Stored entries
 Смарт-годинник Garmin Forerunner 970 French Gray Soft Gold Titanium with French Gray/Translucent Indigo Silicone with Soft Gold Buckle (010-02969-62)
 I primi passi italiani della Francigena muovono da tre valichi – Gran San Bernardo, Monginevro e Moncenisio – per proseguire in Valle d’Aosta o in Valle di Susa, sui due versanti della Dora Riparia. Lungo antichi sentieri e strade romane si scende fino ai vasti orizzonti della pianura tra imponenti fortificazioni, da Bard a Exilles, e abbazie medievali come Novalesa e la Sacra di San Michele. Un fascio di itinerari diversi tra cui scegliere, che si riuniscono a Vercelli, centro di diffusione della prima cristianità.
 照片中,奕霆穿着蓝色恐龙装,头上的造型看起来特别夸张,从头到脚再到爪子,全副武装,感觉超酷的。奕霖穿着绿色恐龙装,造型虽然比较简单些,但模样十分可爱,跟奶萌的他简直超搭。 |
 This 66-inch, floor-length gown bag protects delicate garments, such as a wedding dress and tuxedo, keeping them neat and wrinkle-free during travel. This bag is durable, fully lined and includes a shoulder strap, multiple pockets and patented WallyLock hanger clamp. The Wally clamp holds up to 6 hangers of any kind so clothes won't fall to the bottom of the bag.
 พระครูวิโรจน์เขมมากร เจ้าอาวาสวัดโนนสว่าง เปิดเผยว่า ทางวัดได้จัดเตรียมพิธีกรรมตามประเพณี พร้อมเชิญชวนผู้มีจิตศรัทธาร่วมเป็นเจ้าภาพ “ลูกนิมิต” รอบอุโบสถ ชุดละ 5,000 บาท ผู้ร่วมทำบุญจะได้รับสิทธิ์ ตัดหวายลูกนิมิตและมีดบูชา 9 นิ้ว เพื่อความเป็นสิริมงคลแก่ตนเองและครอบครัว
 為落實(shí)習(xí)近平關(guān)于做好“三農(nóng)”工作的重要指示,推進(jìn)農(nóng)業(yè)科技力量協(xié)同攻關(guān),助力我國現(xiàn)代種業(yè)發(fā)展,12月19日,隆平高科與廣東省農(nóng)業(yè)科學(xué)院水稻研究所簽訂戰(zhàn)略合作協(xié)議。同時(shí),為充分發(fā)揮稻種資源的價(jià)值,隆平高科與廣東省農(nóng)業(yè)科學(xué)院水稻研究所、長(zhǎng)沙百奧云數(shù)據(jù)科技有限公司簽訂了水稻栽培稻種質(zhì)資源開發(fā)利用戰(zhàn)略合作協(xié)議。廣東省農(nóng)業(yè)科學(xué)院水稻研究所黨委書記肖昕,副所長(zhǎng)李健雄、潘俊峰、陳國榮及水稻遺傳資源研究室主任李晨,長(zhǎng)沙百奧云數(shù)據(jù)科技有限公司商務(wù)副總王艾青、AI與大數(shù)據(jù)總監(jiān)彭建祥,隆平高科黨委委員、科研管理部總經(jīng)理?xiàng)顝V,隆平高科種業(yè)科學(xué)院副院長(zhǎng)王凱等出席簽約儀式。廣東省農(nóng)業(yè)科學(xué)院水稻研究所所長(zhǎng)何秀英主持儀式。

» **TRY IT**
If a line falls between the first line of the entries and the line containing "This 66-inch, floor-length", or is one of those two, restate it word for word; leave all other lines out.

» **RESPONSE TO THIS EXERCISE**
 Смарт-годинник Garmin Forerunner 970 French Gray Soft Gold Titanium with French Gray/Translucent Indigo Silicone with Soft Gold Buckle (010-02969-62)
 I primi passi italiani della Francigena muovono da tre valichi – Gran San Bernardo, Monginevro e Moncenisio – per proseguire in Valle d’Aosta o in Valle di Susa, sui due versanti della Dora Riparia. Lungo antichi sentieri e strade romane si scende fino ai vasti orizzonti della pianura tra imponenti fortificazioni, da Bard a Exilles, e abbazie medievali come Novalesa e la Sacra di San Michele. Un fascio di itinerari diversi tra cui scegliere, che si riuniscono a Vercelli, centro di diffusione della prima cristianità.
 照片中,奕霆穿着蓝色恐龙装,头上的造型看起来特别夸张,从头到脚再到爪子,全副武装,感觉超酷的。奕霖穿着绿色恐龙装,造型虽然比较简单些,但模样十分可爱,跟奶萌的他简直超搭。 |
 This 66-inch, floor-length gown bag protects delicate garments, such as a wedding dress and tuxedo, keeping them neat and wrinkle-free during travel. This bag is durable, fully lined and includes a shoulder strap, multiple pockets and patented WallyLock hanger clamp. The Wally clamp holds up to 6 hangers of any kind so clothes won't fall to the bottom of the bag.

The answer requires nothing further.